Shanghai11:38AM GMT 19 Nov 2012
 
Friends say Zhai Xiaobing, 36, was taken into custody on the eve of China’s 18th Communist Party Congress, after he used Twitter to post online a spoof film synopsis in which China’s top leaders were killed when the roof of Beijing’s Great Hall of the People caved in.
 
“The Great Hall [of the People] collapses all of a sudden,” the tweet said.
 
“All 2,000 plus people in the meeting died instantly except for 7 of them. But the seven died mysteriously one after another.”
 
“How did the mysterious number 18 unlock the gates of Hell?” Mr Zhai added on Twitter, which is blocked but widely used in China.
 
Thousands of activists and campaigners were detained or forced from Beijing during the sensitive political handover after coming under pressure from China’s massive state security apparatus.
 
On Monday, the Chinese Human Rights Defenders group claimed that at least two petitioners had died after being assaulted during a Congress-related crackdown on dissent.
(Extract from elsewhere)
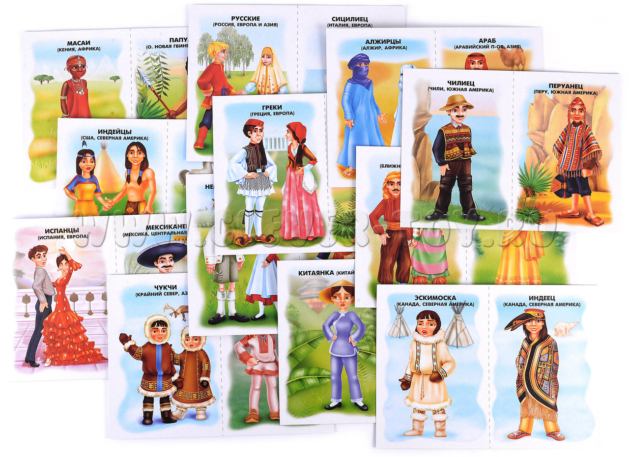 Список карточек (национальностей): Алжирцы, Американец, Араб, Греки, Индеец, Индейцы, Индианка, Испанцы, Маори, Масаи, Мексиканец, Немцы, Папуас, Перуанец, Русские, Саамы, Сицилиец, Турки, Чилиец, Чукчи, Шотландец, Эскимоска.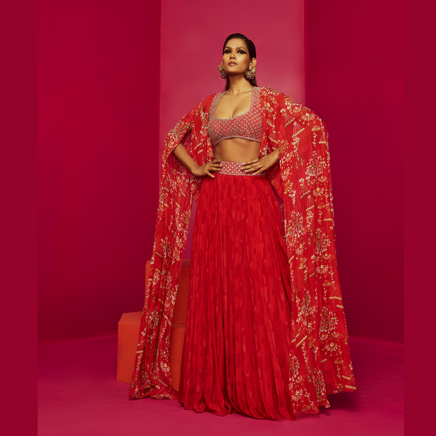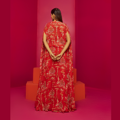 Red Lehenga Cape Set

Among them was Zhang Yaodong, a petitioner from Henan province, who was allegedly beaten to death in police custody three days before the Congress began.
 
With the Congress now over some of Beijing’s temporarily exiled activists have returned home.
 
But friends say Mr Zhai has yet to be released from a detention centre in Beijing’s Miyun county.
 
“Zhai’s family is really worried and panicking. They just hope Zhai can get out soon,” said Liu Yanping, a blogger and the assistant of Chinese artisit Ai Weiwei.
 
Hu Jia, a prominent human rights activist who has signed an online petition in support of the blogger, said Mr Zhai’s Tweet was a “teasing way of showing dissatisfaction.”
 
“He simply showed his aversion to the government. We all felt the absurdity of this matter,” he said, attributing Mr Zhai’s arrest to sensitivities around China’s once-in-a-decade leadership transition.
“At the time authorities were so nervous they were on the verge of a nervous breakdown,” he said.
 
Wu Gan, a Fujian-based blogger, said Mr Zhai’s arrest “makes everyone a potential criminal.” “Every word we say may cross the line. It is really a horrible thing. The whole world is moving forward with the free speech trend, and we are swimming against it.” “It is unbelievable they’d take it seriously,” he added.
 
Ai Xiaoming, a Guangdong-based scholar and documentary maker, also defended the blogger.
 
“If the authorities regard the joke as inappropriate, they can fight back and argue on open platforms, but not jail people for a literary offence,” she said.
 
“If Zhai gets released soon, it will send out a good signal for the new government. If not, it will extinguish the remaining faith and hope in the government.”